(GIVEN DATA):
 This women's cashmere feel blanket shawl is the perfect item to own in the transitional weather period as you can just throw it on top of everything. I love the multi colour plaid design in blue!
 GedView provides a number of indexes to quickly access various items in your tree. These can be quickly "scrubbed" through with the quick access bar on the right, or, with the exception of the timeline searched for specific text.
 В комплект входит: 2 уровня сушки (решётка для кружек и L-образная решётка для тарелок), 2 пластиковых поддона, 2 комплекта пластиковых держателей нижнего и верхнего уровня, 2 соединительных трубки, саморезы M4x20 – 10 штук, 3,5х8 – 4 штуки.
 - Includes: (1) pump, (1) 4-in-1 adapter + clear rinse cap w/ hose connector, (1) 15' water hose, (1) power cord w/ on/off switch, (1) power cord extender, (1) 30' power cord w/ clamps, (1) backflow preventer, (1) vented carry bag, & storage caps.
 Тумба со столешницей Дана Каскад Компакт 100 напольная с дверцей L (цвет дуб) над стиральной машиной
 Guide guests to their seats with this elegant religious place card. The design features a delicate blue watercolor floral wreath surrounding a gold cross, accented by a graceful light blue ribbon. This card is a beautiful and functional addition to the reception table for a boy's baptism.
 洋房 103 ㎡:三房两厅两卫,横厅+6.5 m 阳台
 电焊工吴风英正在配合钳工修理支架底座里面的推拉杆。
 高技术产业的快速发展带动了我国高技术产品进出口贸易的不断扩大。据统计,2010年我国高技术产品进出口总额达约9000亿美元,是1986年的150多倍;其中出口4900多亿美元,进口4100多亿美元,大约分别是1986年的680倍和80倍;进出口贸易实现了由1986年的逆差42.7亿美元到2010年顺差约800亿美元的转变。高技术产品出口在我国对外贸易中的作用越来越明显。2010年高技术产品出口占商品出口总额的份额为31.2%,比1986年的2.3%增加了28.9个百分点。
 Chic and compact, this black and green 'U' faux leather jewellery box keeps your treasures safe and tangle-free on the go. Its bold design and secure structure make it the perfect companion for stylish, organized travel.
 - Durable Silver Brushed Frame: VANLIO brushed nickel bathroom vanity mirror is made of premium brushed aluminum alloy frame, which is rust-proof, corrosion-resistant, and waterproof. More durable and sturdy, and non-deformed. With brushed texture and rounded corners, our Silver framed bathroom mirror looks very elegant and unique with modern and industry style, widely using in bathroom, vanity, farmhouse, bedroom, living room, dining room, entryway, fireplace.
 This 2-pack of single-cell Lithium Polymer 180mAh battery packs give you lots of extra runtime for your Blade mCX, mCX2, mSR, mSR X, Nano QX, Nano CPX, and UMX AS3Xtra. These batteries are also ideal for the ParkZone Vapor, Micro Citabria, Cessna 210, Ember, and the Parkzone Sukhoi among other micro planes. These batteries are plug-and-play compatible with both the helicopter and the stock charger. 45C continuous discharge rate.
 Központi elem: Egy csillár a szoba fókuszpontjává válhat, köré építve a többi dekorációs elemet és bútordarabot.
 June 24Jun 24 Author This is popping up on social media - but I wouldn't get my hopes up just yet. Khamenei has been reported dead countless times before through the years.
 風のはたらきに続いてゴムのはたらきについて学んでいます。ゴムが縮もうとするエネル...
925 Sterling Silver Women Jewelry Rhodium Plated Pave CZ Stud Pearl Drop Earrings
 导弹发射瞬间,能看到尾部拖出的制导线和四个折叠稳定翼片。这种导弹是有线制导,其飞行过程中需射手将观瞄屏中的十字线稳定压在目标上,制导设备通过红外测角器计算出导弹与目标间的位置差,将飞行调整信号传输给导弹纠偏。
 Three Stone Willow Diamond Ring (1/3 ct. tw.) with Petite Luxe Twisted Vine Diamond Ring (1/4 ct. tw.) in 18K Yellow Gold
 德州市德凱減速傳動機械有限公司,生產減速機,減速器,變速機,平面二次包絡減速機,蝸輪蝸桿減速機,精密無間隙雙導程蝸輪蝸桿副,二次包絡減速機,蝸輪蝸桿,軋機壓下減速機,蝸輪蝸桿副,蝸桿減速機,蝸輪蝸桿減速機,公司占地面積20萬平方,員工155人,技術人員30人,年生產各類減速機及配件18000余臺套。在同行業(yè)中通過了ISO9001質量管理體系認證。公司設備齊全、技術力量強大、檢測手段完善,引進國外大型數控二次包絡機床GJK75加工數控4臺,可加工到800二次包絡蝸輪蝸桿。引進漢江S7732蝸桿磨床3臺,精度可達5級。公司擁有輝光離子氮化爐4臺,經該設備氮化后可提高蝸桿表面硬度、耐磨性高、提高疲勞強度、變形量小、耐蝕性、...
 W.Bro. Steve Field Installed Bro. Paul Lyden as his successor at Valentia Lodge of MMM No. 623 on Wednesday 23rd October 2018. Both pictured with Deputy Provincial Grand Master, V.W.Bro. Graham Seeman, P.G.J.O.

(WORK ITEM): Where does the word "perfect" appear in the listing above? Copy every line that holds it.

(SOLUTION TO THE EXERCISE):
 This women's cashmere feel blanket shawl is the perfect item to own in the transitional weather period as you can just throw it on top of everything. I love the multi colour plaid design in blue!
 Chic and compact, this black and green 'U' faux leather jewellery box keeps your treasures safe and tangle-free on the go. Its bold design and secure structure make it the perfect companion for stylish, organized travel.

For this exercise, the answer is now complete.